[Dataset excerpts]
-------------------------
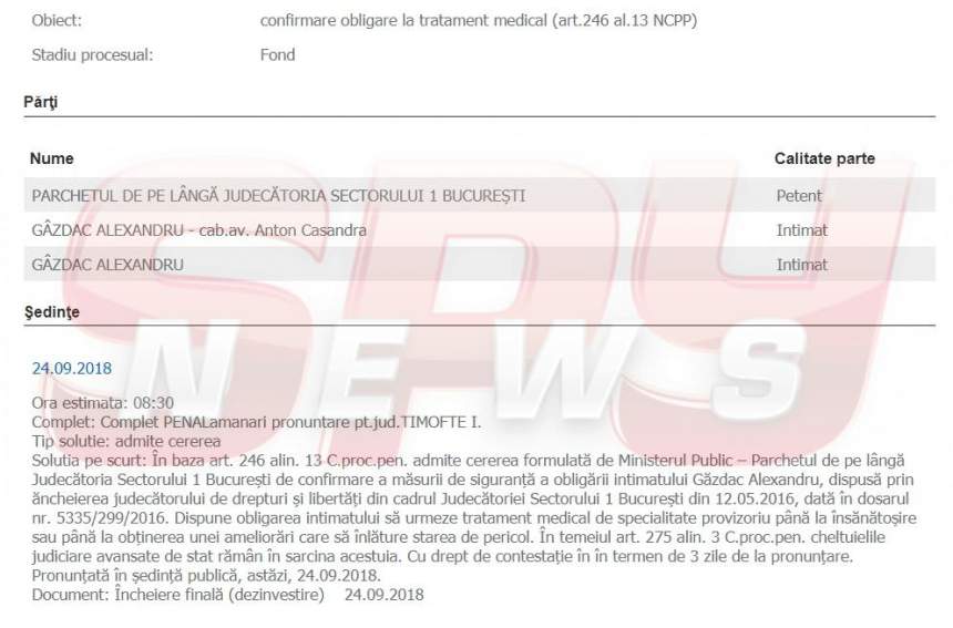 Ieri dimineață, în jurul orei 4.00, Alexandru Găzdac a fost împușcat mortal de un echipaj de poliție care fusese chemat să intervină, întrucât individul atacase un paznic al unui hotel din centrul Capitalei și, iritat de prezența oamenilor legii, l-a tăiat pe unul dintre aceștia. „În această dimineaţă, în jurul orei 04.00, prin apel 112, o persoană dintr-un imobil situat în sectorul 1 a sesizat că un bărbat dezbrăcat, aflat doar în lenjerie intimă, ameninţă pe holuri, având asupra sa mai multe obiecte ascuţite. La faţa locului s-au deplasat poliţişti din cadrul Secţiei 5 Poliţie, care după câteva minute l-au localizat. Din primele date a rezultat că, la vederea poliţiştilor, bărbatul a devenit violent şi a reuşit să îi lovească, ulterior fugind. A fost localizat la un nivel superior, unde a încercat din nou să lovească şi i-a ameninţat, motiv pentru care, după somaţie, unul din poliţişti a executat foc cu armamentul din dotare, rănindu-l”, a explicat Poliţia Capitalei.
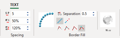 ➢Set a bling type by pressing on the bling type thumbnail on the tooltab. Use a Rhinestone Round 16ss - 3.8 mm Color Clear-Crystal stone. ➢Change the beads separation for both text objects to 0.5 mm. ➢For the "HOTFIX ERA" text object, set the letter spacing to 5.0 mm and word spacing to 40%. |
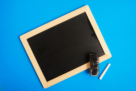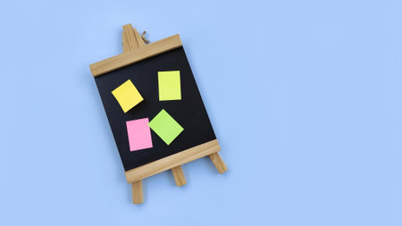 Mini wooden blackboard chalkboard with colourful sticky notes and copy space, isolated on blue background. Mini chalkboard for writing. Space for text. Landscape image
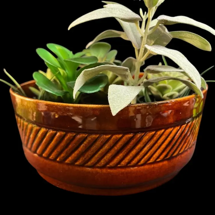 Made for FTD in 1979 By HAEGER USA-Brown Pottery w/ a Decorative Band Around Middle-Use as a Bowl or as a Planter
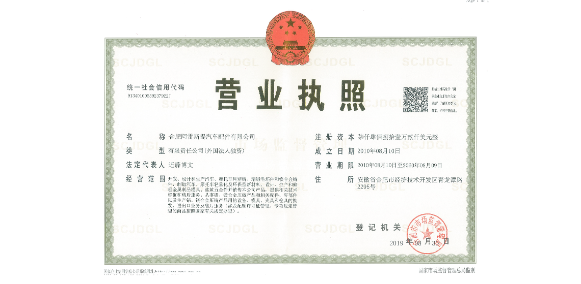 阿雷斯提輻射安全許可證、營業(yè)執(zhí)照及一般納稅人證明
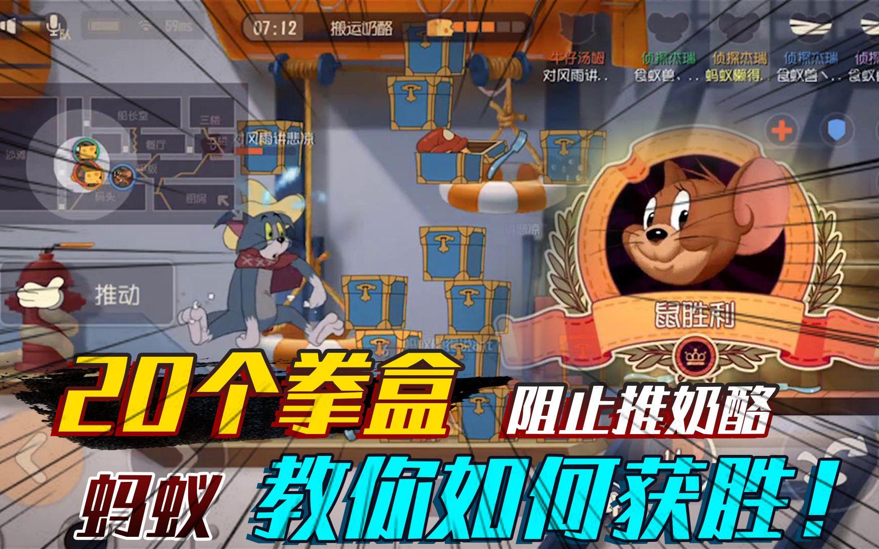 猫和老鼠手游:20个拳盒在洞口阻止推奶酪,看蚂蚁教你如何获胜!
-------------------------
§ WHAT IS EXPECTED: Leaving the pictures out, transcribe the entries above exactly as written.

§ RESPONSE:
 Ieri dimineață, în jurul orei 4.00, Alexandru Găzdac a fost împușcat mortal de un echipaj de poliție care fusese chemat să intervină, întrucât individul atacase un paznic al unui hotel din centrul Capitalei și, iritat de prezența oamenilor legii, l-a tăiat pe unul dintre aceștia. „În această dimineaţă, în jurul orei 04.00, prin apel 112, o persoană dintr-un imobil situat în sectorul 1 a sesizat că un bărbat dezbrăcat, aflat doar în lenjerie intimă, ameninţă pe holuri, având asupra sa mai multe obiecte ascuţite. La faţa locului s-au deplasat poliţişti din cadrul Secţiei 5 Poliţie, care după câteva minute l-au localizat. Din primele date a rezultat că, la vederea poliţiştilor, bărbatul a devenit violent şi a reuşit să îi lovească, ulterior fugind. A fost localizat la un nivel superior, unde a încercat din nou să lovească şi i-a ameninţat, motiv pentru care, după somaţie, unul din poliţişti a executat foc cu armamentul din dotare, rănindu-l”, a explicat Poliţia Capitalei.
 ➢Set a bling type by pressing on the bling type thumbnail on the tooltab. Use a Rhinestone Round 16ss - 3.8 mm Color Clear-Crystal stone. ➢Change the beads separation for both text objects to 0.5 mm. ➢For the "HOTFIX ERA" text object, set the letter spacing to 5.0 mm and word spacing to 40%. |
 Mini wooden blackboard chalkboard with colourful sticky notes and copy space, isolated on blue background. Mini chalkboard for writing. Space for text. Landscape image
 Made for FTD in 1979 By HAEGER USA-Brown Pottery w/ a Decorative Band Around Middle-Use as a Bowl or as a Planter
 阿雷斯提輻射安全許可證、營業(yè)執(zhí)照及一般納稅人證明
 猫和老鼠手游:20个拳盒在洞口阻止推奶酪,看蚂蚁教你如何获胜!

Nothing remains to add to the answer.